At this moment there is an emission of hormones of a thyroid gland in blood and there is a thyrotoxicosis. Degree of a thyrotoxicosis depends on amount of the thrown-out hormones, and the amount of the thrown-out hormones depends on the inflammation center sizes. Then gradually there is a scarring of the struck zone.
Treatment of the Subacute tireodit:
Treatment of a subacute tiroidit medicamentous. Generally synthetic glucocorticoid hormones (Prednisolonum, dexamethasone, Kenacortum, Methypredum) are applied. After normalization of a condition of a dose of hormones gradually reduce.
Treatment at an initial, acute stage of a subacute tireodit symptomatic. At slight pain each 3-4 h appoint aspirin in a dose of 600 mg; at severe pain aspirin is usually inefficient. Almost always it is possible to reduce pain by means of Prednisonum (on 10-20 mg in 2 times a day), and the effect, as a rule, occurs in several hours after reception of the first dose. Lack of bystry analgesic effect of Prednisonum calls into question the diagnosis of a subacute granulematozny thyroiditis. In a week begin to lower Prednisonum doses by 5 mg each 2-3 days. Treatment duration Prednisonum should not exceed several weeks. In the course of Prednisonum cancellation pain sometimes amplifies. In such cases of a dose of Prednisonum increase again, and then again reduce. For elimination of symptoms of a thyrotoxicosis appoint propranolol, on 20-40 mg in 3-4 times a day. Anti-thyroid means do not apply.

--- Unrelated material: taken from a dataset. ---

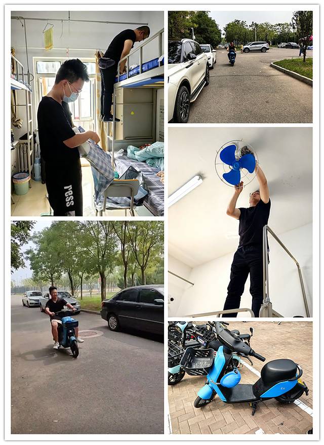 到宿舍整理床铺,教会驾驶共享电动踏板车

In an acute stage of a subacute tireodit absorption of a radioiodine a thyroid gland remains reduced. Replacement therapy by thyroid hormones is not required.
The hypothyroid stage of a subacute tireidit seldom lasts more than 2-3 months; at this time carry out replacement therapy by left thyroxine on 0,10-0,15 mg/days inside.
Treatment duration hormonal drugs no more than two months. If disease easy are sometimes limited to purpose of aspirin, indometacin, Voltarenum or Brufenum. At the expressed tirotoksikoz sometimes appoint beta adrenoblockers. Prescription of antibiotics at a subacute tiroidit is contraindicated and can worsen a condition of the patient.
The forecast at this disease good. At timely begun treatment through 2-3mesyaets there occurs recovery. If a disease not to treat it can independently proceed up to two years and pass into a chronic form.